The 12” iPad Pro is then dropped to Air status and the Air then becomes the cheapest iPad.
To get to "Air" status , they would need to substantively drop the price also. The current Air has a M1, the Pro has a M2 . Costs is major contributing factor there. Look at the rumors for the SE4 ... Take the iPhone 14 and scale back the camera package bill of materials to push the costs lower (which 'allows' Apple to deliver a lower end user cost).
I think Apple is doing what they did before Steve Jobs came back, making to many versions of one product. Next year they will be releasing a new product in a category that’s new to them, the Vision Pro.
This really even close to that situation. Apple's 90's approach was trying to drift into selling "everything to everybody" in a effort to catch up to the dominating Windows PC market. There was some mania that Apple had to get a market share that Dell/Compaq/IBM had ( ~20% ) to survive at scale with the exploding PC growth market.
iPad is not even close to having to play "catch up" with any other players in the tablet space. Samsung has 'wet dreams' about selling as much S9 Ultra+ as Apple sells iPad Pros. Most of Apple's iPad line up is more defensive of share they already
have and expansion of the overall market, rather than some position of weakness.
iPad sales went close for flat for a couple of years and have got back on a growth path again. That is in part because Apple is trying to fill an increasingly wider variety of needs/requirements rather than just sell a single "Model T" to the same group of people.
The other hugely mismatch analogy is the inertia that 100's of millions of iPhone users have. The skills to operate the iPad. So there is natural user 'flow' from iPhone to iPad . The 90's vintage Mac has no 'partner'/synergy product like that at all. The "throw everything at the wall in hopes it sticks' was an attempt to get folks to move off Windows ( or in a few uses cases off Unix workstations). None of those really successfully increased sales to hit break even.

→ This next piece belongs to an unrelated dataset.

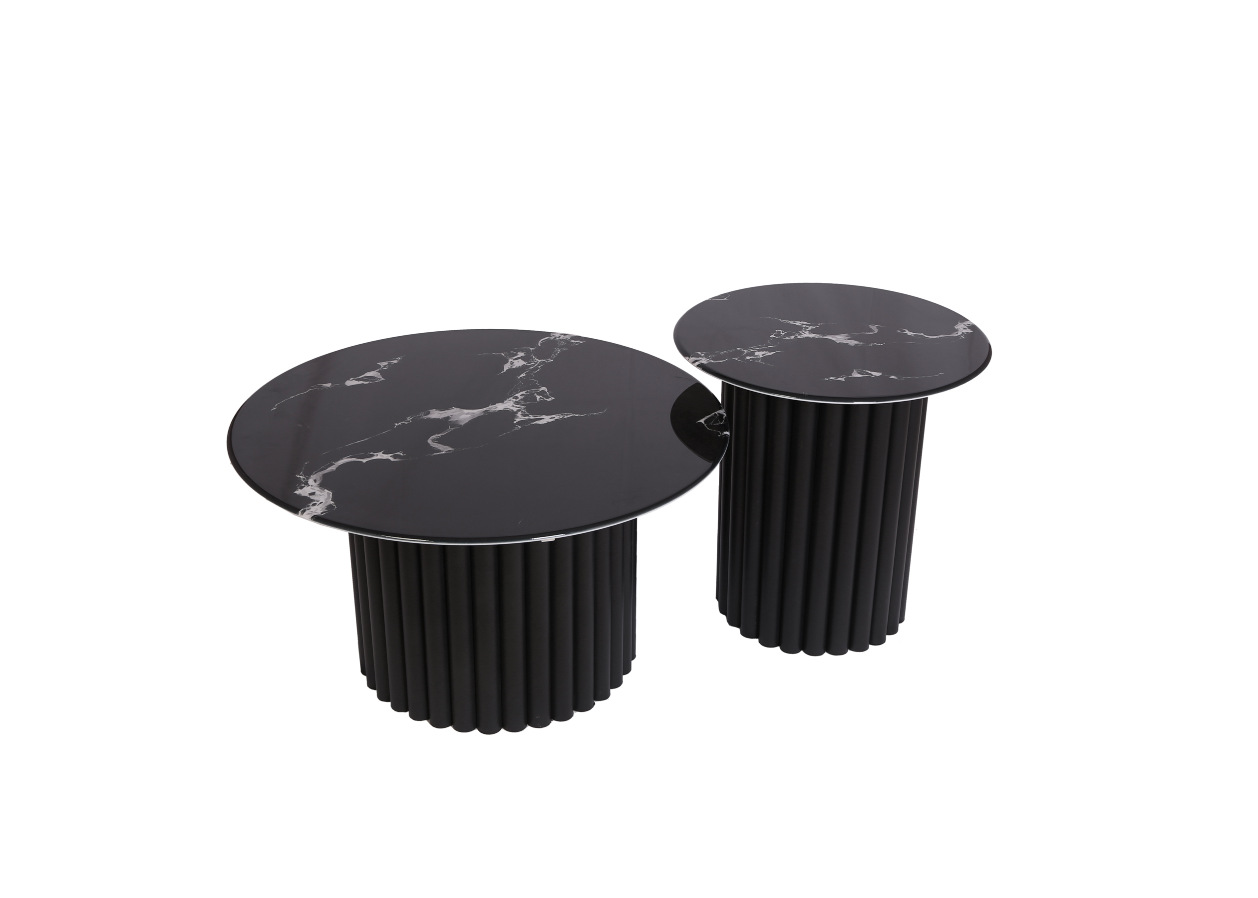 طقم طاولة وسط قطعتين رخام صناعي اسود 70x70 + 50x50 قاعدة معدنيه معالجه بصبغ حراري

There is zero indication that expanding the iPad line up is coming at a cost of profitability. In fact probably pushing things up since higher selling iPads are consuming 'old' SoCs out of the iPhone and Mac product lines. So Apple can recoupe even
higher return on investment on the expensive SoC package development costs. (***)
The 90's problem was not too many models. It was too many models that didn't make money. Getting into a 'race to the bottom' on commodity PC parts component costs didn't really help. The iPad isn't chasing the Amazon Fire and super discount Android tablets with the additional models. Or the lowest budget possible Chromebooks.

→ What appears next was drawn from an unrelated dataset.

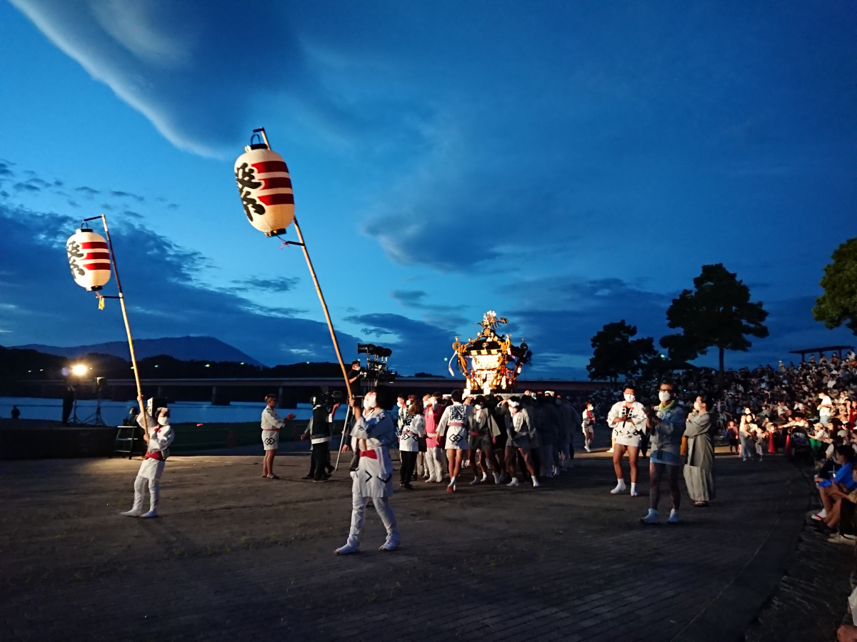 夕刻の薄明りの空の下、祭りの華である神輿も登場しました。

Apple goes as low as selling their years old chassis and SoC will take them and they stop from going any lower. (same thing they do on the iPhone side for many years that Jobs was around too. )
Jobs cut the shotgun approach to Mac products to cut costs to Apple. Apple couldn't afford to do that. It was driving them broke continuing to 'fight the PC wars' . The PC war was basically over. Apple just needed to carve out a more selective products where a smaller set of set all made money ( no 'loss leaders' just to grab share. No ' match the checkbox features' of everything on the Windows PC side. ) ]
Apple isn't broke. the iPad is not loosing money at all. Not even close. Apple took the larger A__X SoC development costs off just the iPad and distributed them over millions more Macs at much higher average selling prices. The iPad lie up doesn't have its own unique SoC anymore. It is 'hand me downs' from either side of the larger product line up now.
(***) P.S. Apple did lost of things backwards to drive wider acceptance and production of PowerPC support chips and main packages across more systems. The efforts to launch a 'clone' market were badly executed. Apple kept using their on I/O chips and firmware as a dongle to limit adoption. This was a another major reason Apple had to retreat to fewer products using a relatively more limited PPC line up.
In the current set up of development and "hand me downs", the strategy hiccups are at the highest end of the Mac desktop line up. Not the iPad.